Button labels should be clear and predictable. Use the "{verb} + {noun}" format, except for common actions like "Done," "Close," "Cancel," "Add," or "Delete." This formula provides necessary context and aids translation, though compact UIs or localization needs may warrant exceptions.

Error Message Design Guidelines

Definition

Interface errors appear when the application can't do what the user wants, typically because:

  • The app technically fails to complete the request
  • The app can't understand the user input
  • The user tries to combine operations that can't work together

In all cases, encountering errors increases user friction and frustration while trying to use the application. Providing an error experience that helps the user understand what happened and their next steps is key to building user confidence and increasing engagement.

General best practices

The best error experience is no error at all. Before implementing error patterns, consider what you might do in the interface before the user would encounter an error to prevent it from happening at all. This might look like:

  • Providing tooltips or microcopy to help users understand how to interact with the interface
  • Disabling parts of the UI until desired conditions are met (e.g. disabling a Save button until mandatory fields in a form are completed)
  • Correcting an error automatically (e.g. autocorrecting spelling errors)

Only report errors users care about.
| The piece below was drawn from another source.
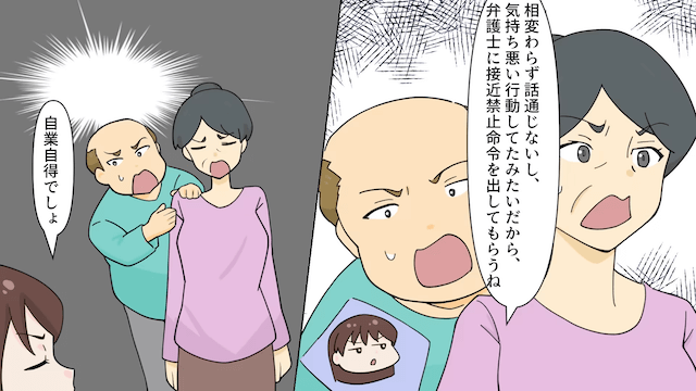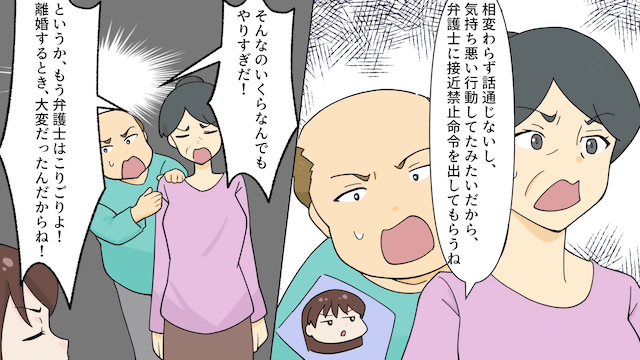 そして何度も復縁をお願いしてくる2人を突き放し、主人公は弁護士に頼んで接近禁止命令を出してもらうことにしたのでした。

The only errors that should appear in the interface are errors that require user acknowledgement and action (even if that action is "try again later" or "contact support").

Do not start the user in an error state. If user inputs are required to display an initial interface (e.g. a chart in Explore), use empty states or field highlighting to drive users to the required action.

Patterns

Pattern selection

Select one pattern per error (e.g. do not implement an inline and banner pattern for the same error).

When the error...Use...
Is directly related to a UI controlInline error
Is not directly related to a UI controlBanner error

Inline

Inline errors are used when the source of the error is directly related to a UI control (text input, selector, etc.) such as the user not populating a required field or entering a number in a text field.

Anatomy

Use the LabeledErrorBoundInput component for this error pattern.

  1. Message Provides direction on how to populate the input correctly.
Implementation details
  • Where and when relevant, scroll the screen to the UI control with the error
  • When multiple inline errors are present, scroll to the topmost error

Banner errors are used when the source of the error is not directly related to a UI control (text input, selector, etc.) such as a technical failure or a loading problem.

Anatomy

Use the ErrorAlert component for this error pattern.

  1. Headline (optional): 1-2 word summary of the error
  2. Message: What went wrong and what users should do next
  3. Expand option (optional): "See more"/"See less"
  4. Details (optional): Additional helpful context
  5. Modal (optional): For spatial constraints using ToastType.DANGER
Implementation details
  • Place the banner near the content area most relevant to the error
  • For chart errors in Explore, use the chart area
  • For modal errors, use the modal footer
  • For app-wide errors, use the top of the screen

Content guidelines

Effective error messages communicate:

  1. What went wrong
  2. What users should do next

Error messages should be:

  • Clear and accurate, leaving no room for misinterpretation
  • Short and concise
  • Understandable to non-technical users
  • Non-blaming and avoiding negative language

Example:

❌ "Cannot delete a datasource that has slices attached to it."

✅ "Please delete all charts using this dataset before deleting the dataset."